Quant au top 10 du classement, celui-ci reste sensiblement le même, avec un podium inchangé. La librairie Gibert Joseph du boulevard Saint-Michel à Paris affirme une fois de plus son statut de leadeuse, malgré un chiffre d'affaires (ventes de livres uniquement) en légère baisse (il est passé de 35,9 millions d'euros en 2023 à 35,6 en 2024 soit une érosion de 0,9 %). Derrière elle, l'institution bordelaise Mollat conserve sa place de numéro deux (+ 0,3 % de CA de 2023 à 2024). La librairie Amalivre, elle, continue d'occuper la troisième marche du podium bien que ses revenus subissent un certain essoufflement (-2,7 %).

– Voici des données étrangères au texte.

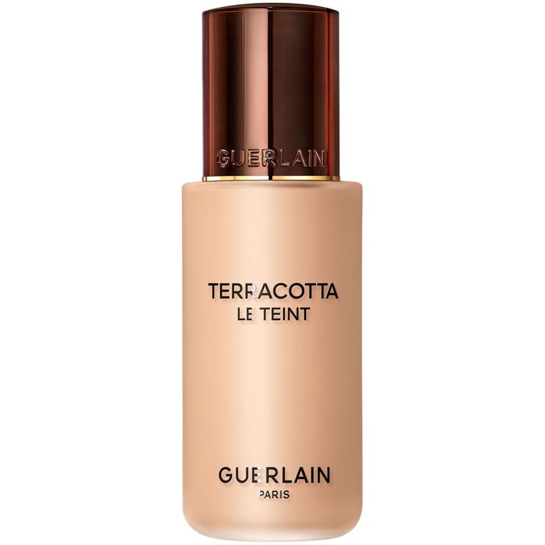 With Terracotta Le Teint, Guerlain is defining the contours of a new-generation complexion : a liquid foundation, formulated with 95% naturally-derived ingredients¹. It pairs the lightness and radiance of a powder with the perfection of a foundation. Its 24-hour wear² no-transfer formula guarantees a beautiful healthy glow, as if you were returning from an outdoor escape.This incredibly fine, ultra-light texture offers a barely-there feel. Its airy formula based on naturally-derived pigments and infused with natural argan oil fuses with the skin and is incredibly light to apply, delivering perfect tailor-made, ultra-buildable medium to high coverage.Wearing Terracotta Le Teint, skin is beautifully enhanced and glowing. Perfecting powders integrated into the formula instantly create a flawless yet unbelievably natural luminous matte finish. Light catchers ensure a fresh and luminous complexion the famous beautiful healthy glow, as if you had just returned from an outdoor escape.Terracotta Le Teint comes in a wide array of 30 shades: 16 intensities and three undertones (neutral, cool, warm), covering the entire complexion spectrum. Its exceptional formula contains self-adaptable shimmer Gemtone, which allows it to adjust to all skin tones.¹Based on ISO 16128 standard. The remaining 5% contribute to product integrity and sensoriality.²Instrumental test and clinical evaluation on 27 caucasian women.

De son côté, la coopérative SavoirPlus à Brissac maintient son 4e rang, devant la librairie Ombres blanches à Toulouse qui gravit cette année trois échelons, s'emparant de la 5e position. Dialogues à Brest rétrograde au 6e rang, repoussant la librairie strasbourgeoise Kléber une place derrière. Cufay, enseigne abbevilloise spécialisée dans les contenus pédagogiques, s'invite au 8e rang, talonnée par le Hall du livre à Nancy, qui progresse d'un cran tandis que Le Failler à Rennes gravit quatre échelons pour clôturer le top 10, évinçant par là même Le Grand Cercle 95 à Cergy-Pontoise.
Troubles dans le genre
Cela dit, toutes les enseignes ne sont pas épargnées par l'atterrissage de l'engouement post-pandémie. Les librairies de musées, qui avaient jusqu'ici enregistré de solides performances grâce à une reprise spectaculaire de la fréquentation des musées en France, subissent cette année un déclassement pour le moins brutal. La librairie du musée Picasso voit ainsi son chiffre d'affaires chuter de 33,1 % alors qu'elle bénéficiait, entre 2022 et 2023, d'une hausse exceptionnelle de + 221 %. Même constat pour les établissements rattachés au musée de l'Orangerie (-25,1 %), à l'Hôtel de la Marine (-29,6 %), ou encore ceux du groupe Arteum, tels que la librairie du musée du quai Branly-Jacques Chirac (-13,7 %), du musée de l'Armée (-12,8 %) ou de la Cité des sciences et de l'industrie (-13 %).
Le tassement affecte également les librairies spécialisées en bande dessinée, symptôme d'une perte de vitesse généralisée du secteur (-8 % des ventes en 2024 après un recul de 11 % en 2023), depuis que l'intérêt pour la romance a outrepassé celui pour le manga. Ainsi, la librairie Esprit BD à Clermont-Ferrand accuse un fléchissement de 13,3 %, la librairie Bulle au Mans ralentit de 11 %, tandis qu'Aventures BD à Dunkerque perd 8,4 % de son chiffre d'affaires.
Bien que modéré, ce phénomène de repli n'épargne pas non plus les groupes. Si la Fnac domine toujours le classement des grandes enseignes, elle dévisse toutefois de 1,43 %. Suivent, comme l'année passée, les groupes Leclerc (+ 2,58 %), Cultura et Nosoli, ce dernier ayant été marqué par plusieurs fermetures contraintes de magasins. En dépit de pertes oscillant entre 3 et 5 %, Maison de la Presse se maintient une fois de plus à la 6e place, suivi de près par Gibert Joseph, qui conserve le 7e rang. Payot, Madrigall, Relay France et Savoirs Plus affichent une régularité constante, situés respectivement de la 9e à la 12e position.